Donald Trump a ajouté que "des compensations devraient être versées pour les familles des centaines de milliers de manifestants innocents que l'Iran a tués ces dernières cinquante années, sans même parler des 52.000 tués ces cinq derniers mois".

Un peu plus tard, dans une autre publication, le président octogénaire a jugé que l'Iran devait être tenu "responsable des dégâts et morts causés au Liban, en Syrie, au Yémen et à Gaza".

Ces nouvelles exigences de l'imprévisible dirigeant américain risquent de mettre hors de portée un accord rapide sur le détroit d'Ormuz, qui paraissait déjà bien improbable alors que l'Iran exige de son côté l'acceptation par Washington de "toutes" ses conditions.

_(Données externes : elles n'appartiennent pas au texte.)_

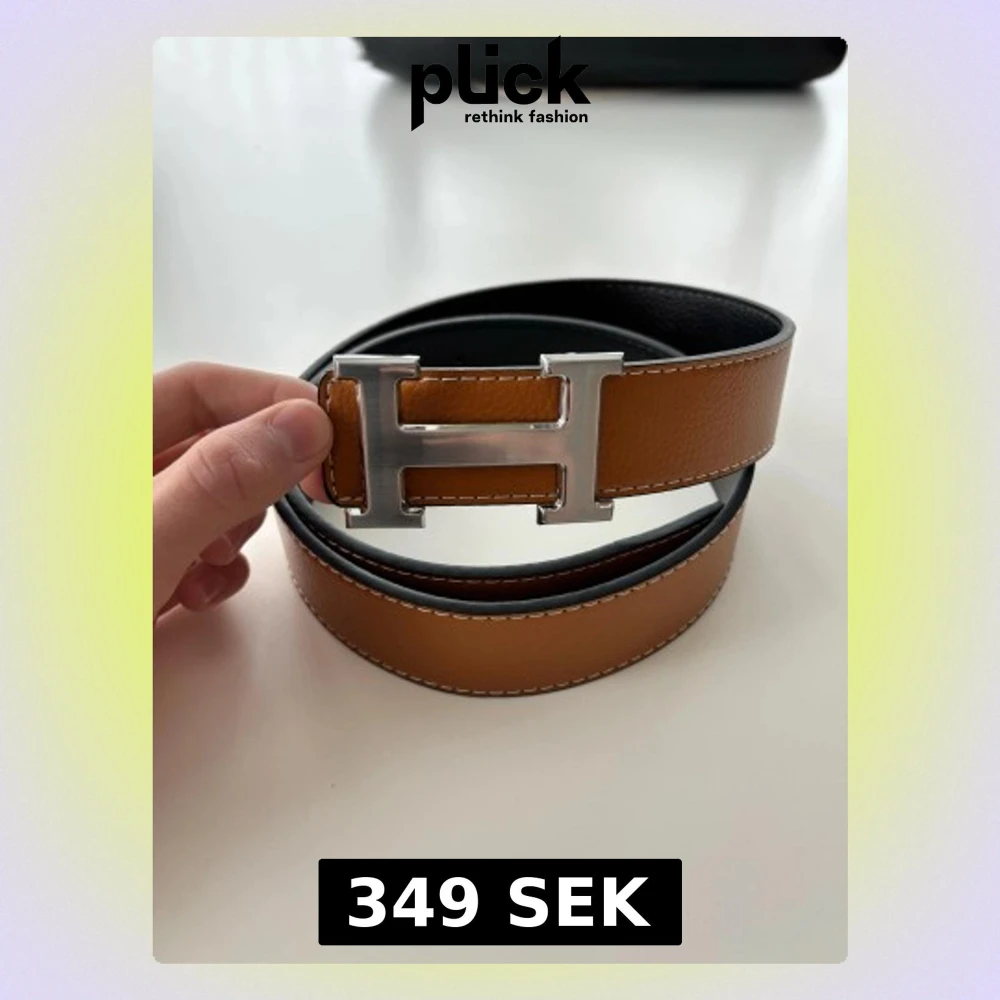 Stilrent bälte med H-spänne. Reversable vilket betyder att man kan välja mellan svart och brunt. Helt oanvänt. Hör gärna av dig vid frågor eller funderingar

Téhéran juge que les Etats-Unis doivent "mettre fin définitivement à la guerre et à l'agression" contre l'Iran et ses alliés, y compris au Yémen et en Irak, lever leur blocus des ports iraniens, "indemniser intégralement l'Iran pour les dommages causés" par les hostilités, lever les sanctions contre l'économie et débloquer "sans condition" les avoirs iraniens gelés.

Dimanche, Donald Trump a laissé entendre qu'il n'avait besoin d'engager ni une offensive militaire majeure ni un effort diplomatique particulier, en assurant qu'il lui suffisait d'"observer" les difficultés économiques de l'Iran.